Preprocessing steps up to and including the imputation of missing values were applied to generate a separate dataset to use with the feature extraction algorithm. Following the imputation of segments shorter than 15 seconds, the FHR and UC signals were smoothed with a rolling window of 120 time points (30 seconds), and missing segments longer than 15 seconds were imputed using linear interpolation. The same small-scale edge clipping and additive noise data augmentation process was applied to the smoothed signal.

The uterine contractions were identified using a peak-finding algorithm. The initial FHR baseline was computed over a 10-minute window and iteratively updated as accelerations and decelerations were identified and removed from the baseline calculation³⁷. This process was repeated until the magnitude of the FHR baseline change was less than 0.5. Finally, the baseline variability, FHR accelerations, and decelerations were detected according to the estimated FHR baseline. We implemented the feature extraction algorithm in Python and validated the extracted features for several CTG recordings with a practicing OBGYN on our team.
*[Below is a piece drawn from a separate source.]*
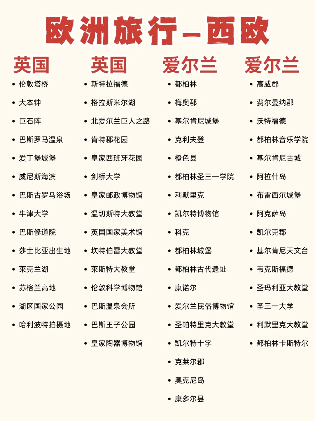 ✅必打卡:大本钟、白金汉宫、伦敦塔桥、泰晤士河、剑桥大学、约克大教堂、肉铺街、爱丁堡城堡、卡尔顿山、温德米尔湖、科茨沃尔德、牛津大学、莫赫悬崖、贝尔法斯特

We trained an XGBoost classifier, typically used in CTG applications⁸, on the extracted FHR and UC features for the pH and Apgar classification tasks using the same data splits used to train the neural network models. We used 1,000 estimators with a maximum depth of 2, a class-corrected weighted loss, 30 early stopping rounds, and AUROC as the evaluation metric.

Evaluation

The performance of the neural network and XGBoost models was evaluated using the area under the receiver operating characteristic curve (AUROC). We also reported the sensitivity at a fixed specificity threshold of 90% for comparison with clinical performance.

A two-tailed Welch’s t-test was used to compare the average AUROC computed over 1000 bootstrapped samples for the various approaches. In cases where we compared performance on a fixed test set, a paired t-test was used. We also evaluated performance disparities across subgroups for both pH and Apgar prediction tasks. Subgroup variables included demographic and clinical attributes (gestational age of the fetus, maternal age, maternal risk factors, parity)^49,50,51 as well as signal quality descriptors for each of the FHR and UC channels. A comprehensive description of the cut-offs and formulas used to define binary subgroup variables is found in Supplementary Table 3. Signal quality metrics were computed after the cropping step in the preprocessing pipeline and are summarized for each time interval in Supplementary Table 4.